Thursday, March 21, 2019

Opposing the sweatshops

The Bangladesh Accord enforcement system is run by a transnational team of labor auditors, union and worker advocates and has directed the inspection of about 2,000 factories and identified tens of thousands of hazards, from faulty wiring to foundering building structures. The Accord began was born in the wake of the 2013 collapse of Rana Plaza, Bangladesh's worst modern-day industrial disaster. Following the preventable deaths of more than 1,100 workers, the industry channeled its public shame into a legally binding global compact to make work safer for workers in Bangladesh factories. Both international human rights groups and local unions and worker advocates have been involved with the development and en­­forcement process, as well as generally ensuring that the Accord provides a platform for workers' self-advocacy on occupational safety issues. For several years reforming sweatshops has slowly plodded ahead.
Today, however, the Accord is dangling by a thread.
The Bangladesh government ordered the Accord, which was recently renewed with many newly negotiated enhancements, to cease operating through its Dhaka office at the end of last November, while severely restricting the Accord’s staff from conducting basic regulatory functions, including citing safety violations and sanctioning employers who retaliate against whistleblowers who report hazardous conditions. The program is currently ensnared in a legal impasse with the government and owners under a restraining order from the High Court, pending further court proceedings.
Although the transition plan provides for the transfer of duties to the Bangladesh Remediation Coordination Cell of the Department of Inspections for Factories and Establishments (RCC-DIFE), the Accord’s international staff sees the new authority as a vehicle for corporate capture of the regulatory apparatus. The Accord Steering Committee stated in mid-February that “the RCC-DIFE remains at its earliest stages of development and is not yet prepared to adequately regulate building and occupational safety and health at its current base of ready-made garment factories.”
Liana Foxvog of the U.S.-based advocacy group International Labor Rights Forum, told In These Times, “The highly obstructive constraints that the government is attempting to impose would strip the globally-respected safety initiative of its ability to operate independently of government and employer control.”
 In other words, the main purpose of absorbing the accord into a business-friendly regulatory regime is to unravel the Accord’s standards and autonomy.
“The Accord inspection programs are ongoing and have not yet completed their purpose. ... It is important both for the safety of workers and the benefit of the industry that the Accord is allowed to continue to function to ensure the factories are safe to work in,” said Amin Amirul Haque, a leader of one of the union signatories of the Accord, the National Garment Workers Federation.
The garment workforce in Bangladesh may have seen meaningful improvements in hundreds of factories, but the Accord covers just a fraction of the several thousand supplier factories in Bangladesh, including many that feed into the massive stream of apparel exports that flood Western retail markets.  Many local factories have participated in a controversial corporate-friendly alternative to the Accord known as the Alliance for Bangladesh Worker Safety, pushed by Gap and other brands.
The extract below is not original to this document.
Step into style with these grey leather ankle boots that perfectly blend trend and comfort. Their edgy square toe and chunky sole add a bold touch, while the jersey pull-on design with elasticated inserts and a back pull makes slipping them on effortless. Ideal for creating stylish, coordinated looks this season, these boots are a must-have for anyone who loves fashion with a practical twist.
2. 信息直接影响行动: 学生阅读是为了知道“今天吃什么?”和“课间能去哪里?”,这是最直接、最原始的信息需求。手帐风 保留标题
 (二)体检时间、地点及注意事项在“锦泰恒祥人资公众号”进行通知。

Garrett Brown, an industrial hygienist who has assisted with the Accord's local safety-training programs, explained that  the takeover by the Bangladesh government will undo past progress “for the same reasons that were problems before Rana Plaza, which is that the government is heavily influenced by the garment industry and doesn't want to do anything that would reduce exports.” There is a tension between local suppliers, who are subjected to the rigors of the regulatory process and responsible for making required retrofits, and the brands that use the Accord to hold suppliers accountable—reflecting the growing sensitivity of Western brands over the disturbing pattern of labor abuses overseas.
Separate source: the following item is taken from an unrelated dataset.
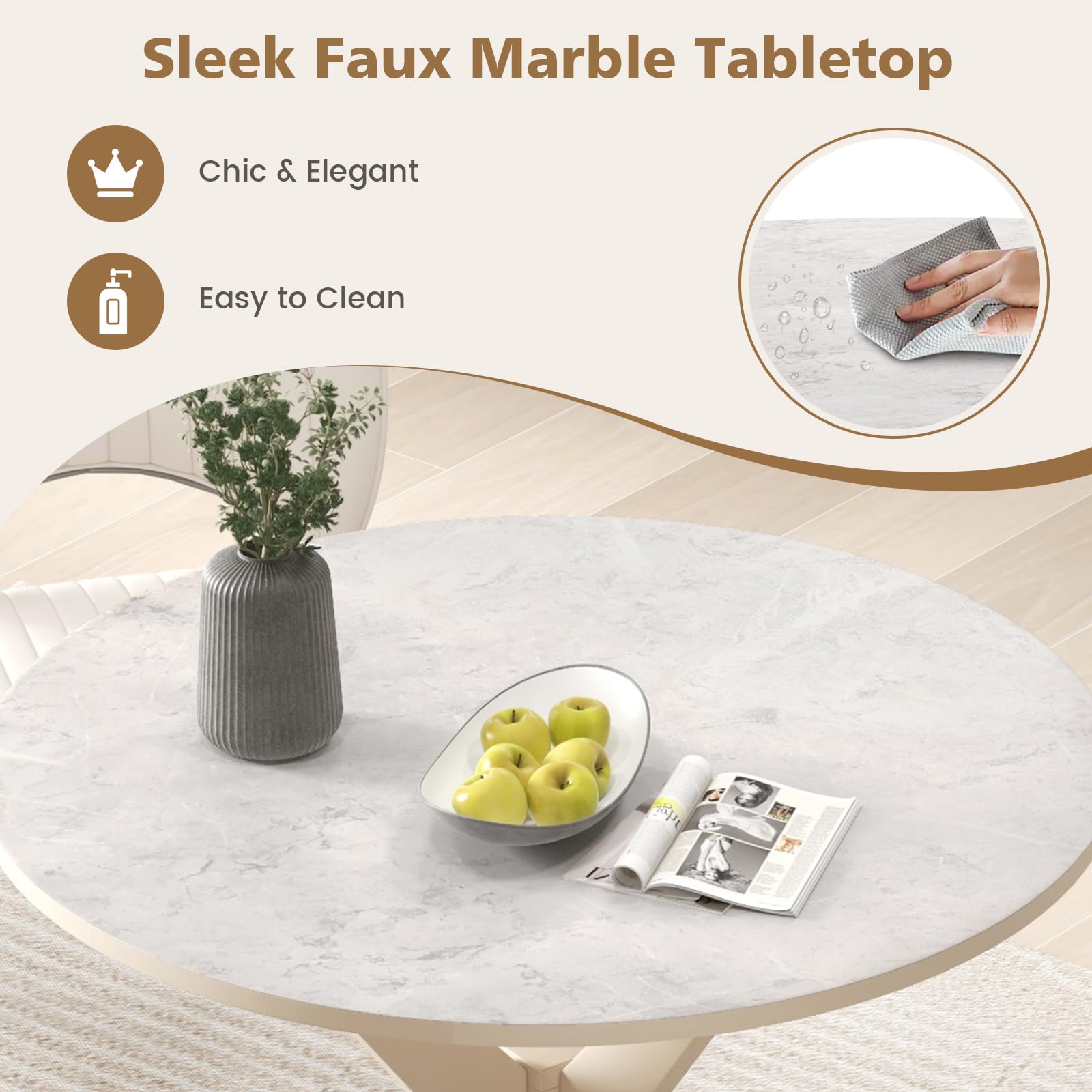 - Scratch – resistant and easy – to – clean faux marble or wooden tabletop

For Bangladeshi factory owners the short-term interest in maximizing profit seems to outweigh the social dividend of safeguarding workers’ lives. An abrupt end to the Accord could stifle Bangladesh’s already embattled labor movement. Despite general hostility toward labor activism by bosses and the government, with frequent crackdowns on strikes and union organizing efforts, the Accord encouraged the formation of autono­­mous worker safety committees, which have provided a rare source of legal leverage on major issues of worker safety.

Kalpona Akter of the Bangladesh Center for Workers’ Solidarity, which has long campaigned for reforms in the global supply chain, stated, “We need the Accord to continue to work. It has made enormous change and made our workers’ lives safer. Now workers have right to say NO to dangerous work. If the Accord would have to leave the country it would mean putting workers lives in danger again and we should not take this risk.”